_What the exercise asks_
Leave the pictures out. Retype exactly the lines below from the one containing "One electronically tested" through the one containing "평택 학세권아파트.동삭동 평택센트럴자이", and no others.

_Supplied material_
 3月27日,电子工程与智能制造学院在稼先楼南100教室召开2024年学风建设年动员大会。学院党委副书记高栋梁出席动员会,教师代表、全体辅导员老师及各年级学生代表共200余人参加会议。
---
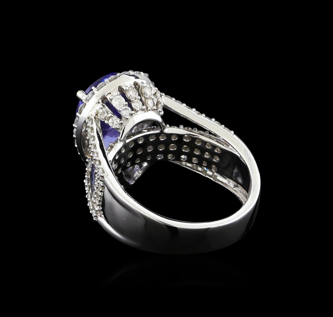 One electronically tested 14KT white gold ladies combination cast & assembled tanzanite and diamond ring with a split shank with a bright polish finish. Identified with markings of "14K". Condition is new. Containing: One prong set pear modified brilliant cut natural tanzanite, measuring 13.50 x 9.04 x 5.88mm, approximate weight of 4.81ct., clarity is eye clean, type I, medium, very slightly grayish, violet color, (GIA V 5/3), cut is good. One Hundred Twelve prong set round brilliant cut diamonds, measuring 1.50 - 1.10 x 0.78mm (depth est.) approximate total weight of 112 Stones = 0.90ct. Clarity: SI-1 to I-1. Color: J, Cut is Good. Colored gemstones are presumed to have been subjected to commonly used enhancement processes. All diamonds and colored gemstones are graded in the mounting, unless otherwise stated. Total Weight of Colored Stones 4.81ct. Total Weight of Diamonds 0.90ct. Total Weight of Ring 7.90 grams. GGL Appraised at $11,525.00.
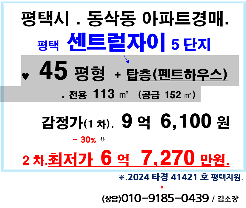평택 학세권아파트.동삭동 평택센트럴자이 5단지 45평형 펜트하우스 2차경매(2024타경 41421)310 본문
--
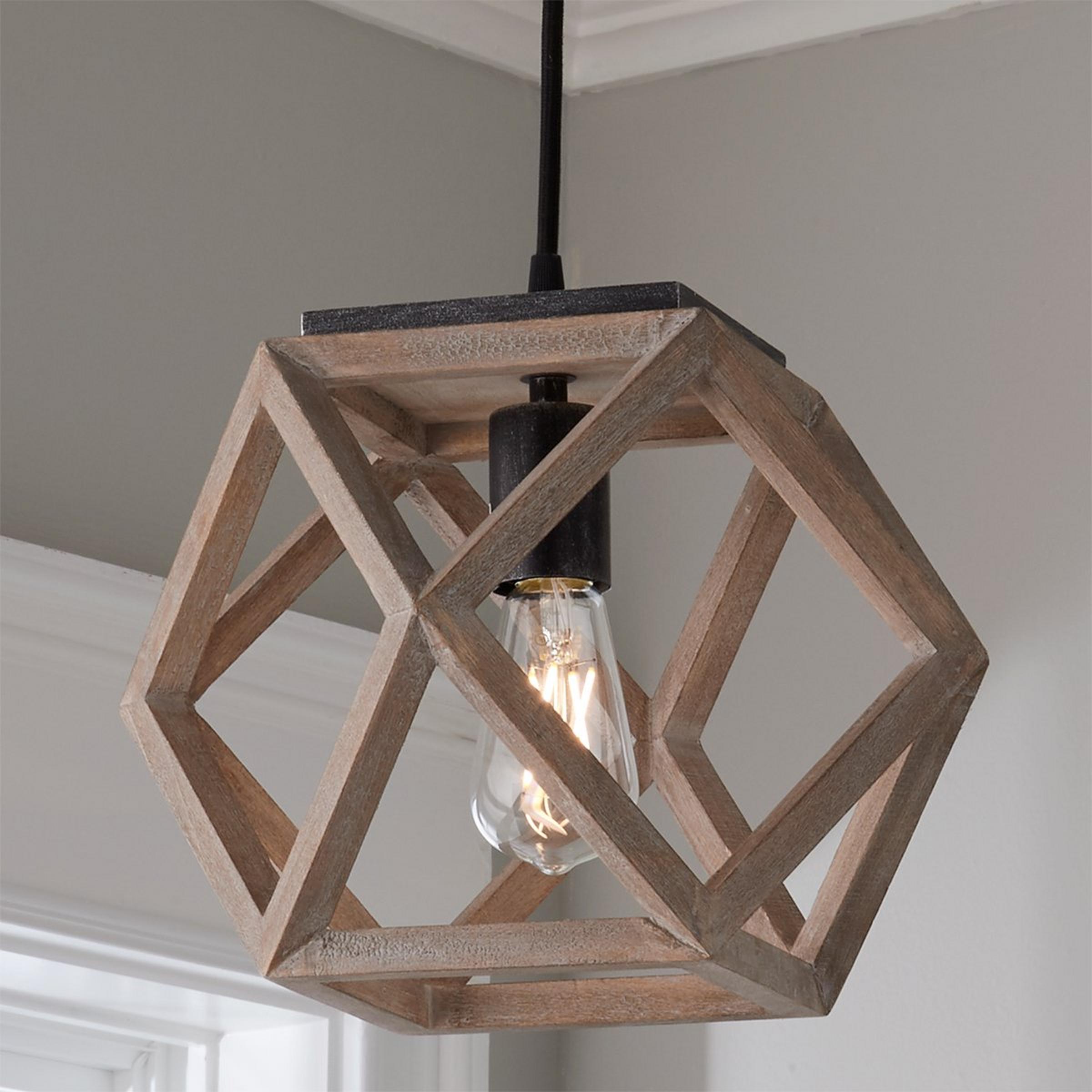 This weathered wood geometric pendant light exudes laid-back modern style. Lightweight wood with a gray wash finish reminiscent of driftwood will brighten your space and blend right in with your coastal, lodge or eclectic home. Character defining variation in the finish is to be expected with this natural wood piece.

_Reply to the task_
 One electronically tested 14KT white gold ladies combination cast & assembled tanzanite and diamond ring with a split shank with a bright polish finish. Identified with markings of "14K". Condition is new. Containing: One prong set pear modified brilliant cut natural tanzanite, measuring 13.50 x 9.04 x 5.88mm, approximate weight of 4.81ct., clarity is eye clean, type I, medium, very slightly grayish, violet color, (GIA V 5/3), cut is good. One Hundred Twelve prong set round brilliant cut diamonds, measuring 1.50 - 1.10 x 0.78mm (depth est.) approximate total weight of 112 Stones = 0.90ct. Clarity: SI-1 to I-1. Color: J, Cut is Good. Colored gemstones are presumed to have been subjected to commonly used enhancement processes. All diamonds and colored gemstones are graded in the mounting, unless otherwise stated. Total Weight of Colored Stones 4.81ct. Total Weight of Diamonds 0.90ct. Total Weight of Ring 7.90 grams. GGL Appraised at $11,525.00.
평택 학세권아파트.동삭동 평택센트럴자이 5단지 45평형 펜트하우스 2차경매(2024타경 41421)310 본문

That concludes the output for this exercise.